Find the inverse of each of the following matrices by using elementary row transformations:
$\left[\begin{array}{lll}1 & 1 & 2 \\ 3 & 1 & 1 \\ 2 & 3 & 1\end{array}\right]$
We know
$A=I A$
$\Rightarrow\left[\begin{array}{lll}1 & 1 & 2 \\ 3 & 1 & 1 \\ 2 & 3 & 1\end{array}\right]=\left[\begin{array}{lll}1 & 0 & 0 \\ 0 & 1 & 0 \\ 0 & 0 & 1\end{array}\right] A$
$\Rightarrow\left[\begin{array}{ccc}1 & 1 & 2 \\ 0 & -2 & -5 \\ 0 & 1 & -3\end{array}\right]=\left[\begin{array}{ccc}1 & 0 & 0 \\ -3 & 1 & 0 \\ -2 & 0 & 1\end{array}\right] A$ [Applying $R_{2} \rightarrow R_{2}-3 R_{1}$ and $R_{3} \rightarrow R_{3}-2 R_{1}$ ]

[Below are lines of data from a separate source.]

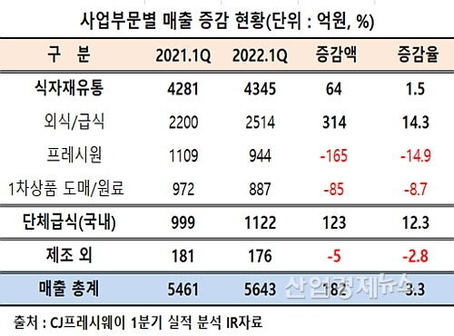[산업경제뉴스 민경종 기자] CJ프레시웨이가 올 1분기 외식/급식 관련 식자재유통과 단체급식사업부의 쌍끌이 선전에 힘입어 외형성장과 수익성 개선을 동시에 일궈낸 것으로 나타났다.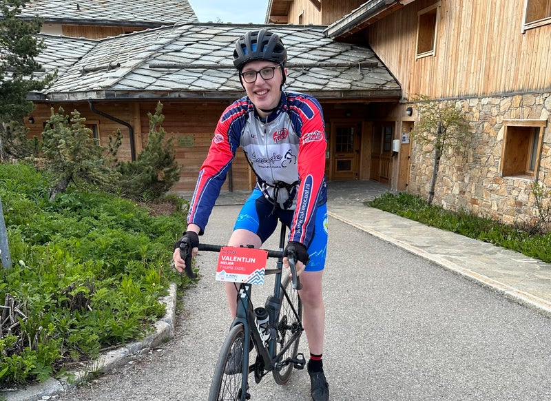 Eindelijk mochten ze beginnen aan de eerste klim. Valentijn kwam als eerste boven en had er 1 uur en 38 minuten overgedaan. Het viel hem mee, dus na wat te hebben gegeten en een schoon fietspak aan, ging hij weer beginnen aan de volgende afdaling.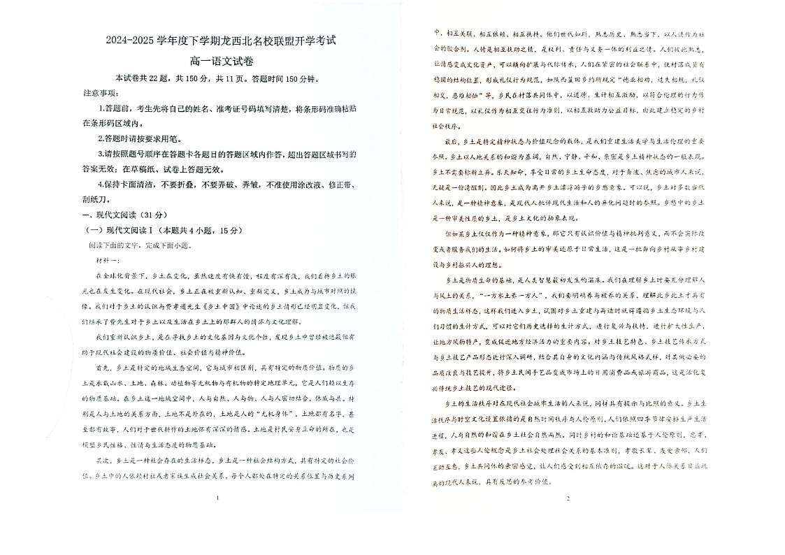 黑龙江省黑河市区域2024-2025学年下学期高一开学考试语文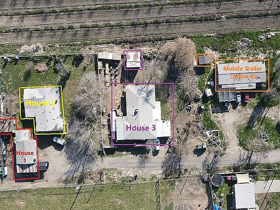 Property has almond trees (Monterey & Non Pareil) 5th leaf. 3 houses and 1 mobile trailer with 100% occupancy bringing $4,800.00 in rental income (all 4 fully renovated in 2019-2020) 1 AG pump & 1 newly dug domestic pump Sprinkle system installed in 2022 for irrigation. Caltrans has offered $50K for 0.9 acre they want to purchase to extend widen the highway by adding a lane which is still to collect. This will be handled during escrow/closing and $50K will go the new owner. Most importantly, this property could be rezoned/developed to Commercial (C-6) Zoning with the right developer. A proposal was made in the past to develop it into a M-3 property but County of Fresno came back with commercial zoning. Letter from County attached along with our plans with C-6 zoning. That will be all on the buyer but the listed price is for the property as is (AG).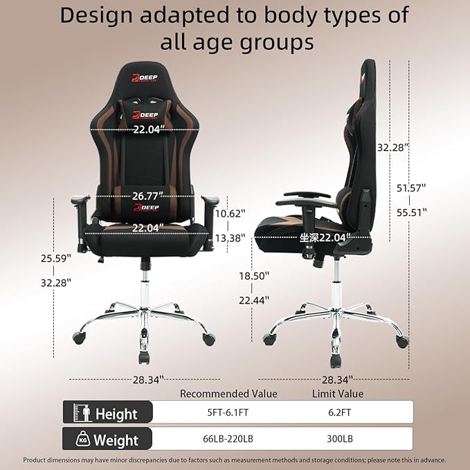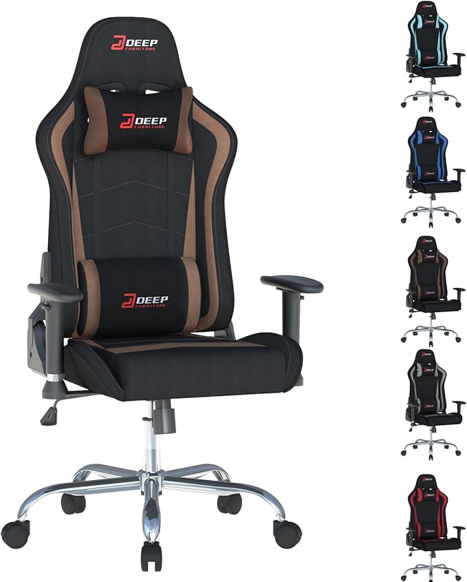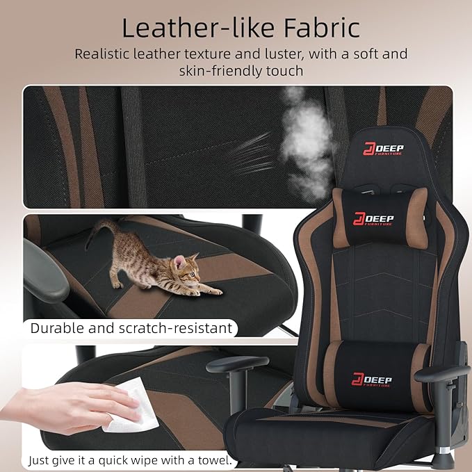 Ergonomic Fabric Gaming Chair with Footrest and Lumbar Support Racing Office Chair Adult-Specific Computer Gaming Chair Wrinkle-Resistant.(1005-Brown)

$\Rightarrow\left[\begin{array}{ccc}1 & 1 & 2 \\ 0 & 1 & \frac{5}{2} \\ 0 & 1 & -3\end{array}\right]=\left[\begin{array}{ccc}1 & 0 & 0 \\ \frac{3}{2} & -\frac{1}{2} & 0 \\ -2 & 0 & 1\end{array}\right] A$ $\left[\right.$ Applying $\left.R_{2} \rightarrow \frac{-1}{2} R_{2}\right]$
$\Rightarrow\left[\begin{array}{ccc}1 & 0 & -\frac{1}{2} \\ 0 & 1 & \frac{5}{2} \\ 0 & 0 & -\frac{11}{2}\end{array}\right]=\left[\begin{array}{ccc}-\frac{1}{2} & \frac{1}{2} & 0 \\ \frac{3}{2} & -\frac{1}{2} & 0 \\ -\frac{7}{2} & \frac{1}{2} & 1\end{array}\right] A$ [Applying $R_{1} \rightarrow R_{1}-R_{2}$ and $R_{3} \rightarrow R_{3}-R_{2}$ ]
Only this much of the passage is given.